Nirmala Sitharaman has shown in the budget that there will be 14.4% nominal GDP growth in 2021- 22. Railways’ targets do not match this. A perusal of the Statement of Railway Receipts and Expenditure available in the railway website shows that even the level of 2019-20 is not expected in terms of the net tonne-kilometers. According to the statement, the goods traffic is expected to grow a meagre 1.03% over 2019-20 and passenger traffic 4.6%. Even these figures are not reliable when we do the comparison with fuel expenses. Without fuel trains won’t run, is a common knowledge. The fuel expenditure will be only 82% of 2019-20, mere Rs. 12,00 cr more than the revised estimate of 2020-21, the pandemic period.

Preparation for privatisation by unprofitable passenger services
As for as passenger trains are concerned Railways are not interested in running all the trains scheduled in the time table. Now they are running only 60% of the trains according to the railway minister. They call them cloning express. Though they are the regular trains, they are not called by their name and number. They have simply removed the first number of the regular train, added 0 in its place and called them special trains. They are using the pandemic as an opportunity to run only profitable trains. They are preparing for the scenario of privatisation of goods and passenger trains.
If private passenger trains have to run in the existing congested routes in the scenario of neglect of strengthening and expansion of rail network, all the time tabled trains cannot run if a level playing field to the private operators is to be provided. One of the conditions for private trains is that there should not be any IR train one hour before and after their trains, not even from another terminal. That is why railway do not intend to operate all the passenger trains. Therefore, expectedly fuel expenditure will be far less than that of revised level of pandemic period.

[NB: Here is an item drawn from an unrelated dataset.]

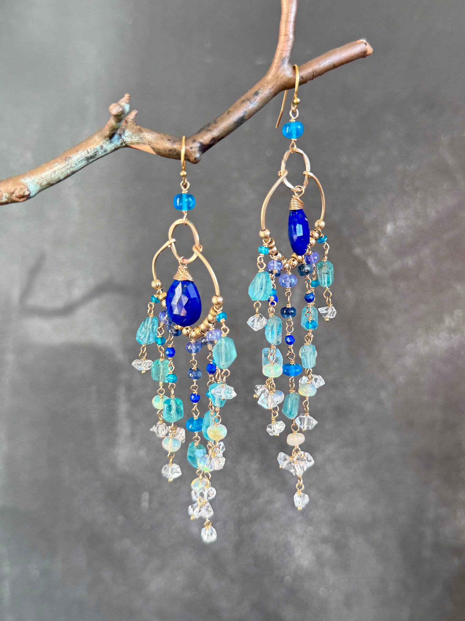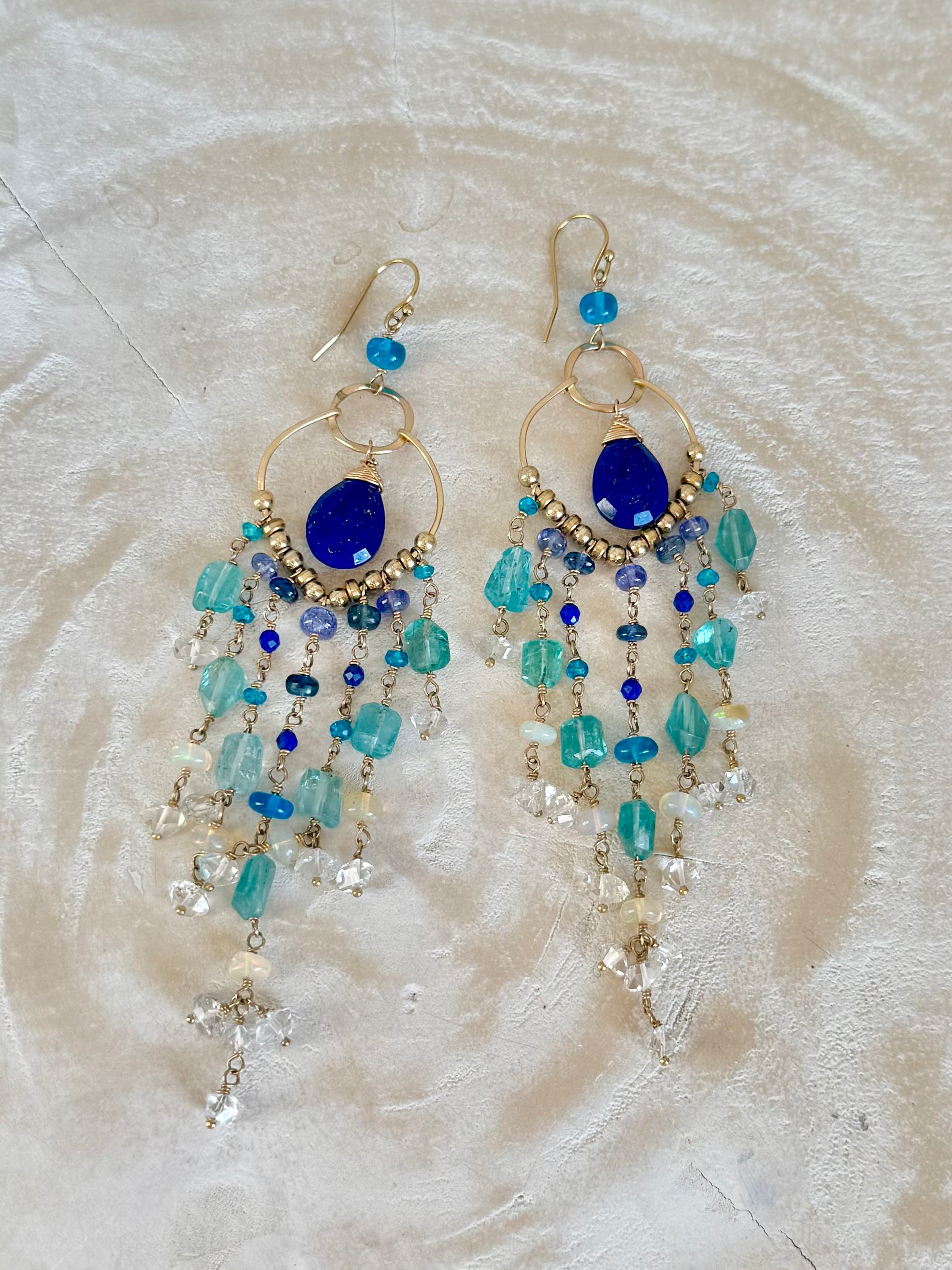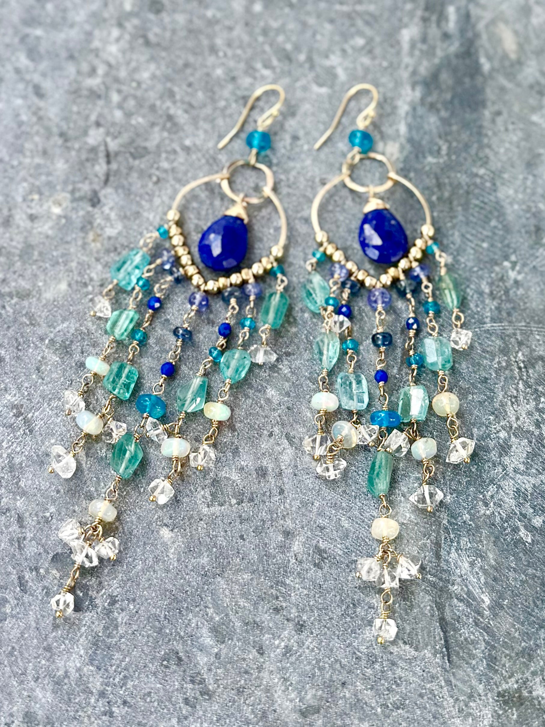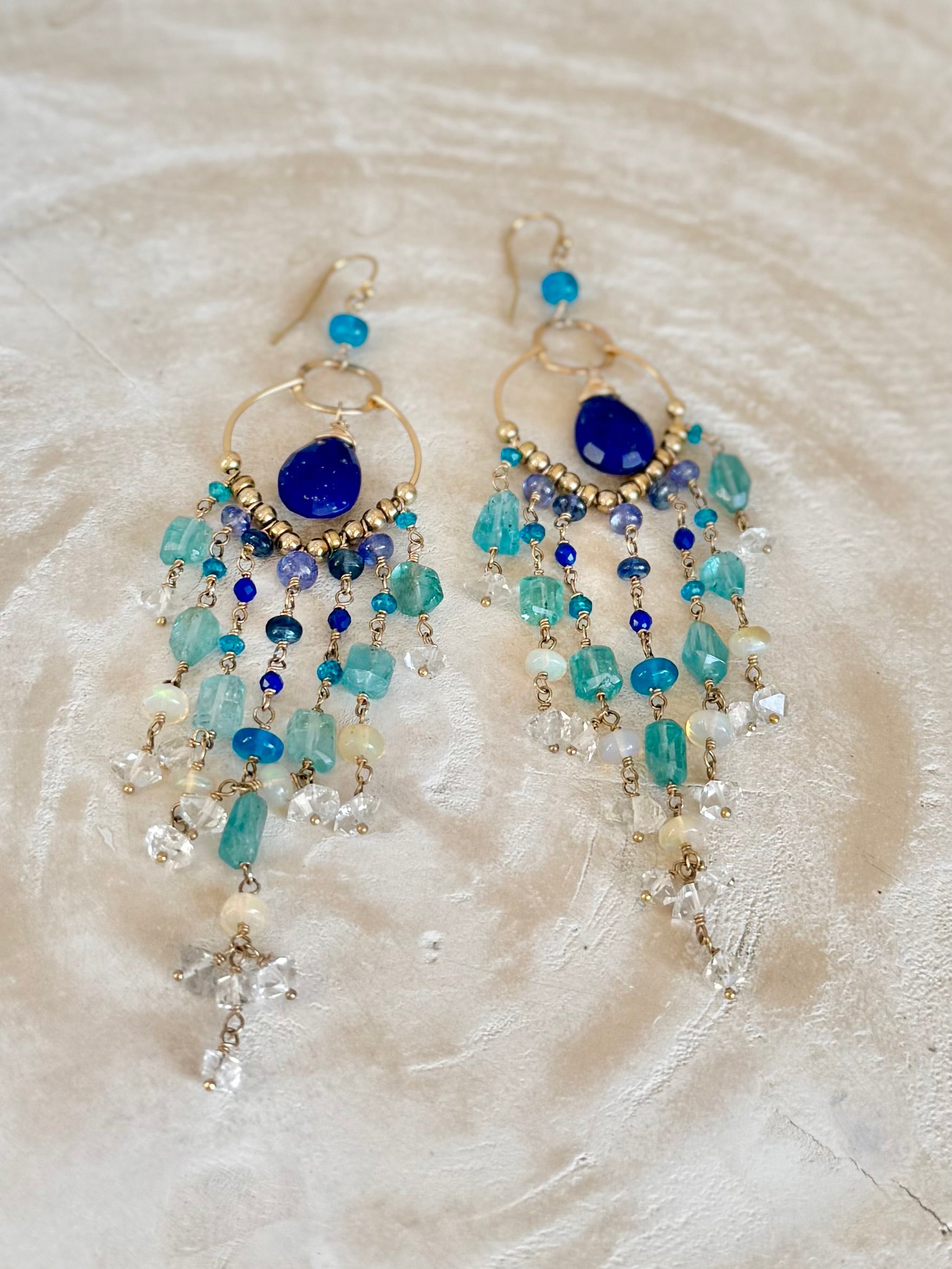 These swingy chandelier earrings feature a menagerie of hues inspired by coastal waters and tales of the deep. Apatite, lapis, kyanite, opal, tanzanite, and herkimer diamonds create this stunning look. All hardware 14k goldfill. 3.5” long
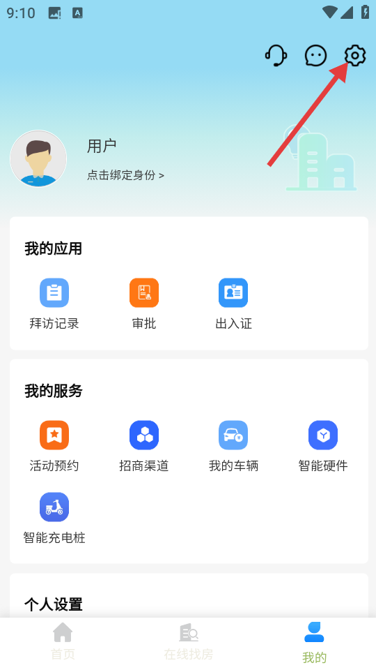 2、在个人中心页面,点击右上角设置图标,可进入设置页面。

Railway also do not intend to run suburban trains at the level of 2019-20 as the loss in this segment is Rs. 6,000 cr. They don’t want to add general compartments either. As per the NRP, the British passenger segment losses are met by the respective governments even though most of the British passenger segment is with private. There is a saying in Indian Railways that as we increase the passenger service, so the loss will increase. As the government feels that the user must pay, they fleece the reduced passengers to meet the loss. Extract the maximum from the minimum is the philosophy. They have abandoned the philosophy of social service obligation. In these special trains, the fare is more and there are no concessions for senior citizen, patients, youth, journalist, kisans, etc. They are virtually preparing the ground for privatisation of railways’ goods and passenger trains.

Railway unions should unite the workers and go to people for bigger struggles along with people to save railways and the nation.